- Country: India
- State: Bihar
- District: Samastipur
- Parliamentary constituency: Ujiarpur
- Assembly constituency: Sarairanjan (Vidhan Sabha constituency)
- Time zone: UTC+5.30 (IST)
- PIN: 848132
- Area code: STD Code 06274
- Website: samastipur.bih.nic.in

= Bakhri Buzurg =

Bakhri Buzurg is a village in Bihar, India. As of 2011 census, Bakhri Buzurg had a population of 2794.

==Transport==
Bakhri Buzurg is located 77 kilometers from the state capital Patna (75 minutes driving distance). The nearest airport is Darbhanga Airport which is 50 kilometers away from Bakhri Buzurg. Lok Nayak Jayaprakash Narayan International Airport, Patna Airport, is 80 kilometers from Bakhri Buzurg. Nearest Railway Station is Samastipur Junction which is a major railway station, which connects the town to major and minor cities in India. Nearest bus stop is Musrigharari bus stop which is 1.5 km from Bakhri Buzurg. The Samastipur Railway Station is 8.5 km from Bakhri Buzurg. There are different modes of transport for travelling local area which includes Buses, Auto-rikshaw, Rikshaw, Battery operated Auto-Rickshaw. It also connects nearby state capitals by sleeper buses.

== Places of interest ==
Bakhri Buzurg is located at an approximate distance of 1.5 km from Musrigharari on NH28 and NH103. This place is known for the celebration of Muharram and Durga Puja. Thousands of people gather for the celebration of Muharram and Durga Puja.

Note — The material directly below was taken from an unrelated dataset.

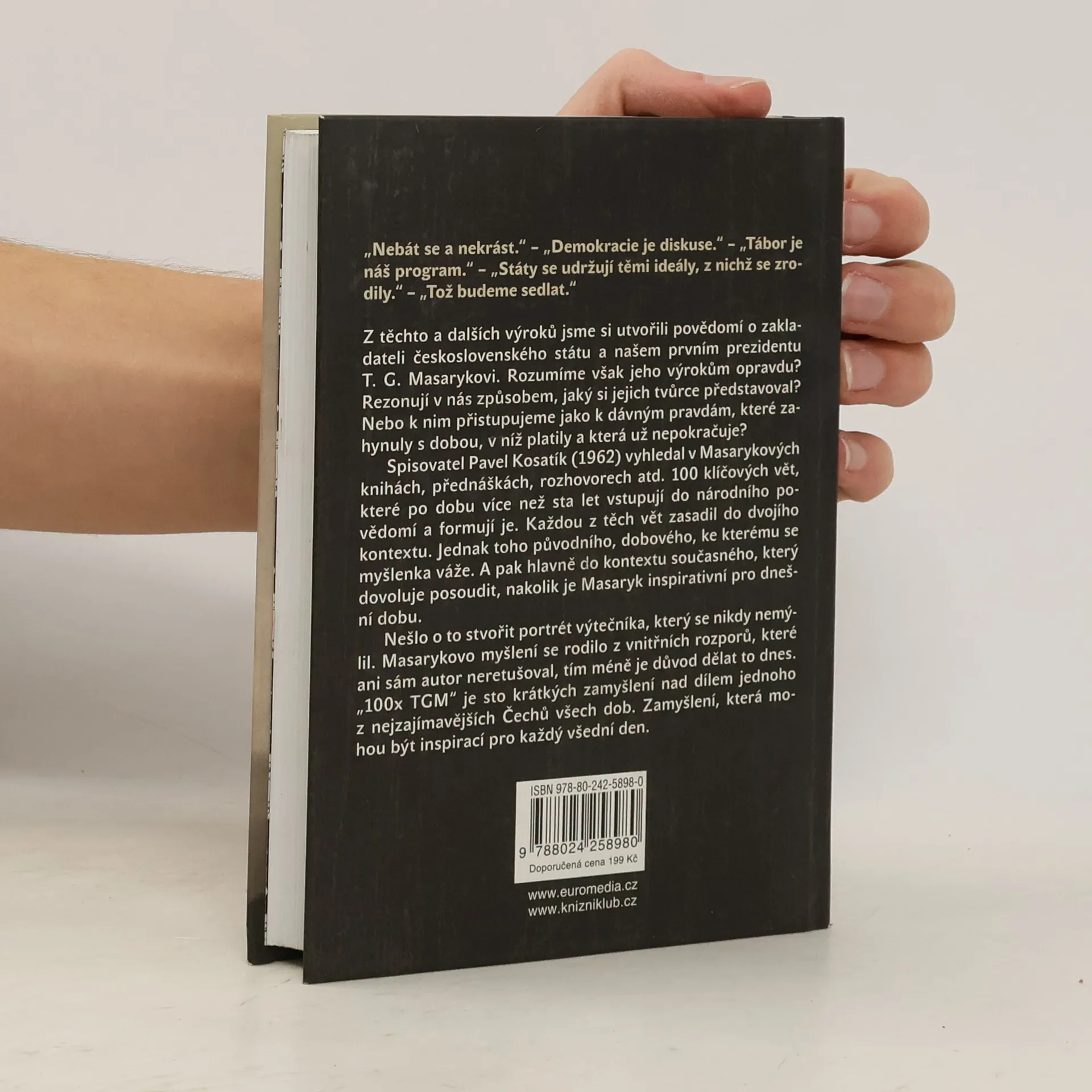 100 moudrých i vtipných, slavných i neznámých, ale vždy zajímavých výroků T. G. Masaryka, které mohou být užitečné a posloužit k zamyšlení i v současnosti. Malá čítanka Masarykových výroků s komentářem a výkladem, která TGM přibližuje dnešním čtenářům.

There is a temple of Goddess Kali, popularly known as "Kali Mandir", situated nearly in the eastern side of the village which has been made by the villagers contribution and also a jama masjid situated at border of the village which is known as "AILOTH - BAKHRI JAMA MASJID". Generally the popular celebration of the village occurs in front of the temple.

==Language==

The most common language spoken in Bakhri Buzurg is Maghi, Urdu, Hindi, Maithili and English are used generally for official or diplomatic use. "Thethi", a local language, which is a subset language derived from Hindi is being spoken mostly for unofficial purpose.